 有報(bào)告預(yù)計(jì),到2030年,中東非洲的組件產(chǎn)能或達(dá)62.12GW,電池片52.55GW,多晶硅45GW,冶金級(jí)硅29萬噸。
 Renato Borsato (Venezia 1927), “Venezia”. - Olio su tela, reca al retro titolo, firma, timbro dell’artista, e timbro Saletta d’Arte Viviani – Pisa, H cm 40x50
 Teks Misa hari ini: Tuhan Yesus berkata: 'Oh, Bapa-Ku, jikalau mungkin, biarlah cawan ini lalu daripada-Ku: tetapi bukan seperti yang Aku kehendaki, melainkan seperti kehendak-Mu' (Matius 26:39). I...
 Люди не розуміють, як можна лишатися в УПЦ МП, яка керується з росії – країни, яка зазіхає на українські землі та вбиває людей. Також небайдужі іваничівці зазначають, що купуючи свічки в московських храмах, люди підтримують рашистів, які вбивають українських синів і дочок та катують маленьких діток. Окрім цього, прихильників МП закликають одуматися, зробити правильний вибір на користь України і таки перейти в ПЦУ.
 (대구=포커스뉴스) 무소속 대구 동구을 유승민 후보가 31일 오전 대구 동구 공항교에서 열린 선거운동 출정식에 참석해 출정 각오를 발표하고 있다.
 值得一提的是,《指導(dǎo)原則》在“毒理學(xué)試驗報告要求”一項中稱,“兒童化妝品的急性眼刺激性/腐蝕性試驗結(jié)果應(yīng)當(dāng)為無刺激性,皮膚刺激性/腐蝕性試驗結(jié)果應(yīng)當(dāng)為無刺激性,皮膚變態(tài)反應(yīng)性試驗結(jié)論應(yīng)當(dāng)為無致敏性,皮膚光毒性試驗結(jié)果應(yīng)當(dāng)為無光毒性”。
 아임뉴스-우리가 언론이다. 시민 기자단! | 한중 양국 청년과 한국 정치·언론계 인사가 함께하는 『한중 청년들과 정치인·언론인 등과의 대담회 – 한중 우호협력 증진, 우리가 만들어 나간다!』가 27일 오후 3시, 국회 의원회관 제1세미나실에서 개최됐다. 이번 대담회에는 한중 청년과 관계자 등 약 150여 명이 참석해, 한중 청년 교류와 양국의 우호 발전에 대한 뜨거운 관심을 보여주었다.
--
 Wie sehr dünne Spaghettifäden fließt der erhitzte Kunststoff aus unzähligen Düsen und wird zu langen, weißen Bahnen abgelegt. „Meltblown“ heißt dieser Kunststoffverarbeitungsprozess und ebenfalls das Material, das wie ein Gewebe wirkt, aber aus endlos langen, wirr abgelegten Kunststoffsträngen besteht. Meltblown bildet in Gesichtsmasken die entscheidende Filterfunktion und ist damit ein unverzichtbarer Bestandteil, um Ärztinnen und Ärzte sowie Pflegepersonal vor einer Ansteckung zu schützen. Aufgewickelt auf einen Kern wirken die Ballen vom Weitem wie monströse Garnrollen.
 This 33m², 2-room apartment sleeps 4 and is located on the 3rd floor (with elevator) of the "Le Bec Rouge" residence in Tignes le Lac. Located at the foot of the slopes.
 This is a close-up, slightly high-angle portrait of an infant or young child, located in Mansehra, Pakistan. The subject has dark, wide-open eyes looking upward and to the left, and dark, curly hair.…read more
* * *
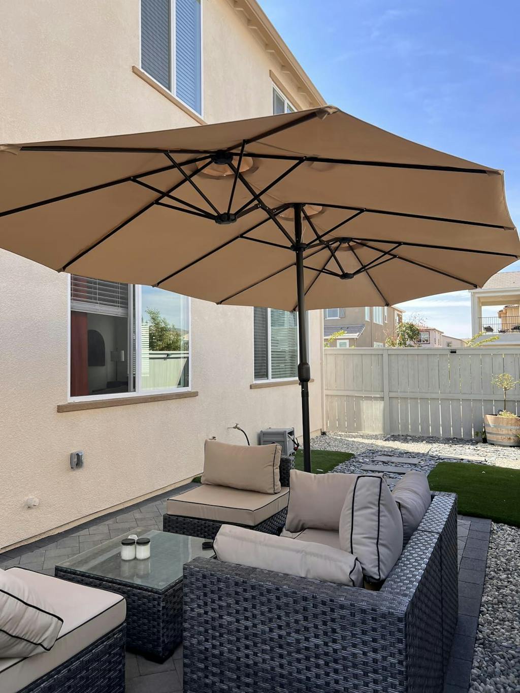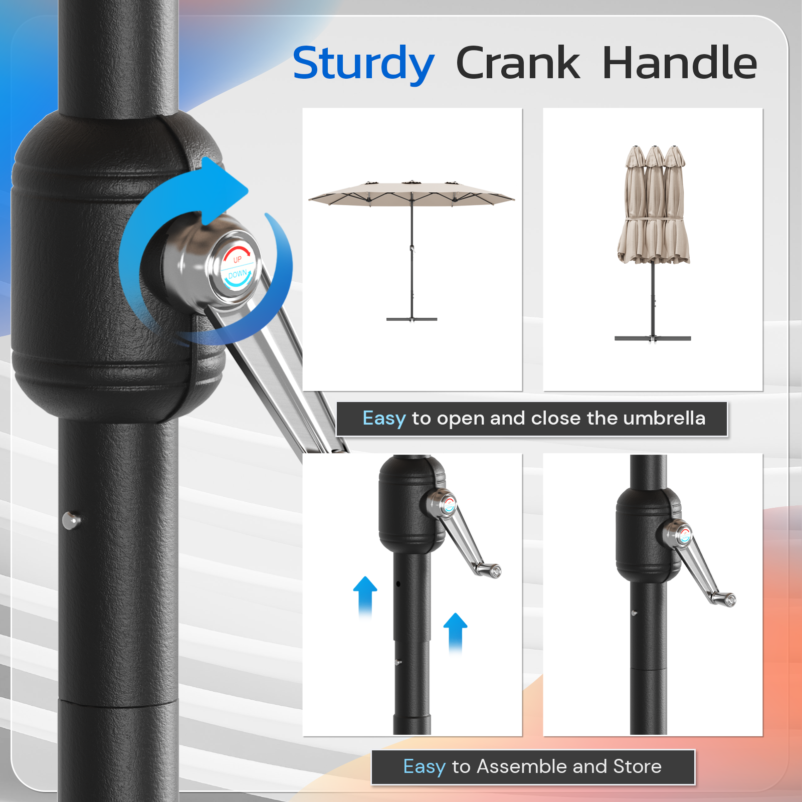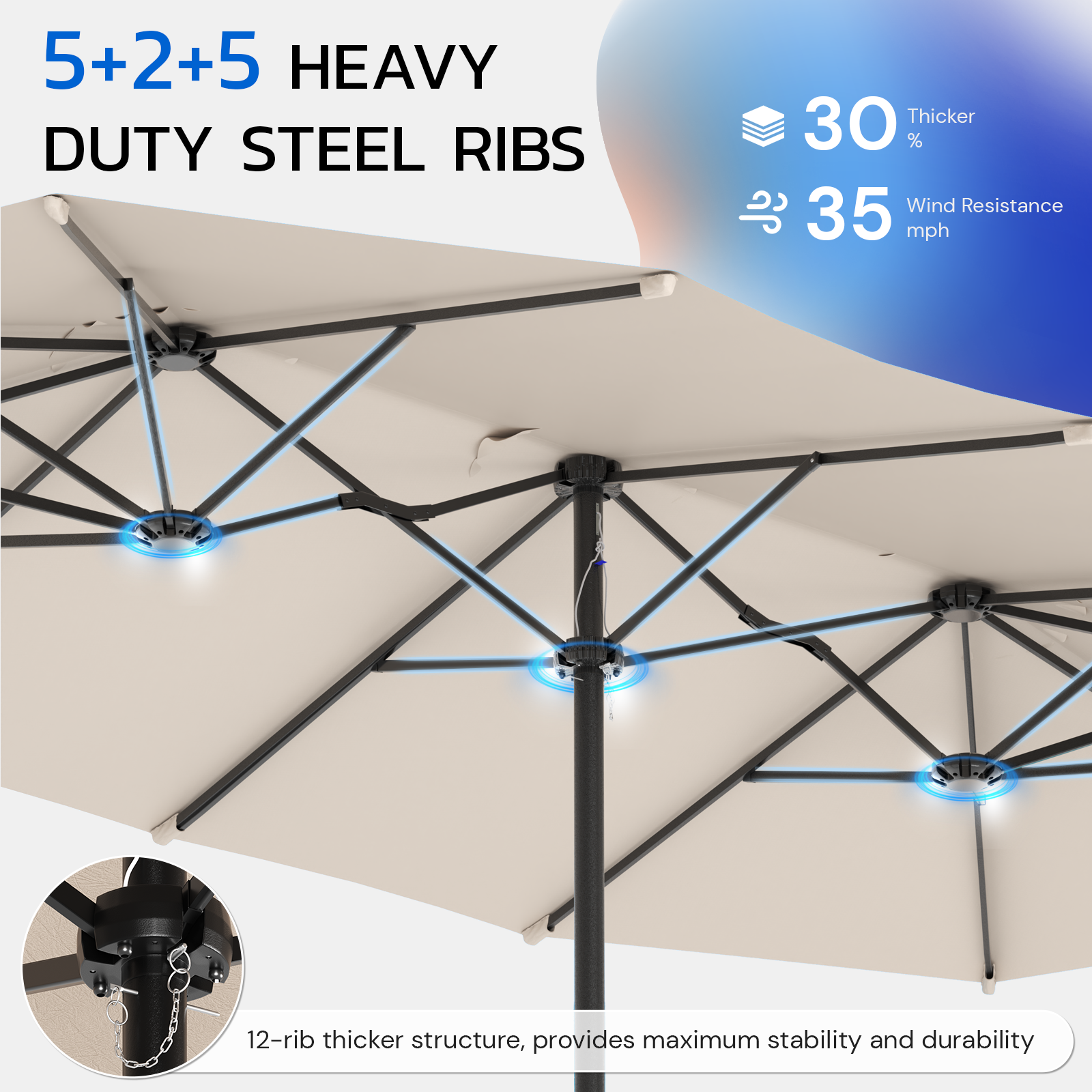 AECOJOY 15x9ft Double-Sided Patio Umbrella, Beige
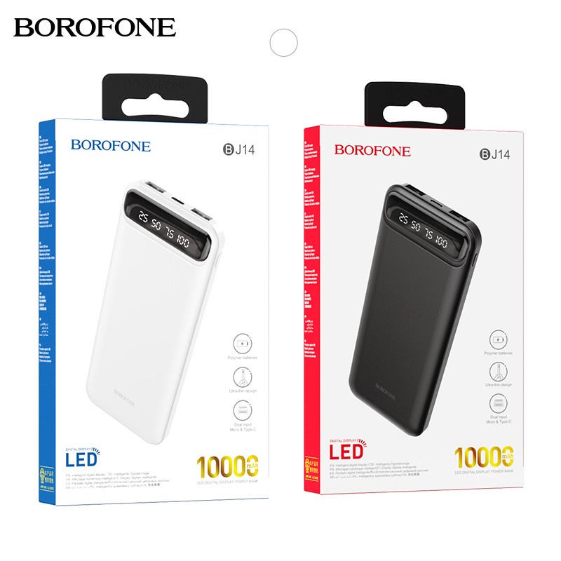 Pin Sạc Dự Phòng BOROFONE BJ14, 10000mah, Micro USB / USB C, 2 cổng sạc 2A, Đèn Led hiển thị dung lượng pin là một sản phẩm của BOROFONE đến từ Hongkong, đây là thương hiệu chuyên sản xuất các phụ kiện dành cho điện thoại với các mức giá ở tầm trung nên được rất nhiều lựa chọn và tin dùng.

• EXERCISE: Using the data above, transcribe the lines that run from the line with "有報(bào)告預(yù)計" to the line with "(대구=포커스뉴스) 무소속 대구", both ends kept, and output nothing else.

• OUTPUT FOR THIS EXERCISE:
 有報(bào)告預(yù)計(jì),到2030年,中東非洲的組件產(chǎn)能或達(dá)62.12GW,電池片52.55GW,多晶硅45GW,冶金級(jí)硅29萬噸。
 Renato Borsato (Venezia 1927), “Venezia”. - Olio su tela, reca al retro titolo, firma, timbro dell’artista, e timbro Saletta d’Arte Viviani – Pisa, H cm 40x50
 Teks Misa hari ini: Tuhan Yesus berkata: 'Oh, Bapa-Ku, jikalau mungkin, biarlah cawan ini lalu daripada-Ku: tetapi bukan seperti yang Aku kehendaki, melainkan seperti kehendak-Mu' (Matius 26:39). I...
 Люди не розуміють, як можна лишатися в УПЦ МП, яка керується з росії – країни, яка зазіхає на українські землі та вбиває людей. Також небайдужі іваничівці зазначають, що купуючи свічки в московських храмах, люди підтримують рашистів, які вбивають українських синів і дочок та катують маленьких діток. Окрім цього, прихильників МП закликають одуматися, зробити правильний вибір на користь України і таки перейти в ПЦУ.
 (대구=포커스뉴스) 무소속 대구 동구을 유승민 후보가 31일 오전 대구 동구 공항교에서 열린 선거운동 출정식에 참석해 출정 각오를 발표하고 있다.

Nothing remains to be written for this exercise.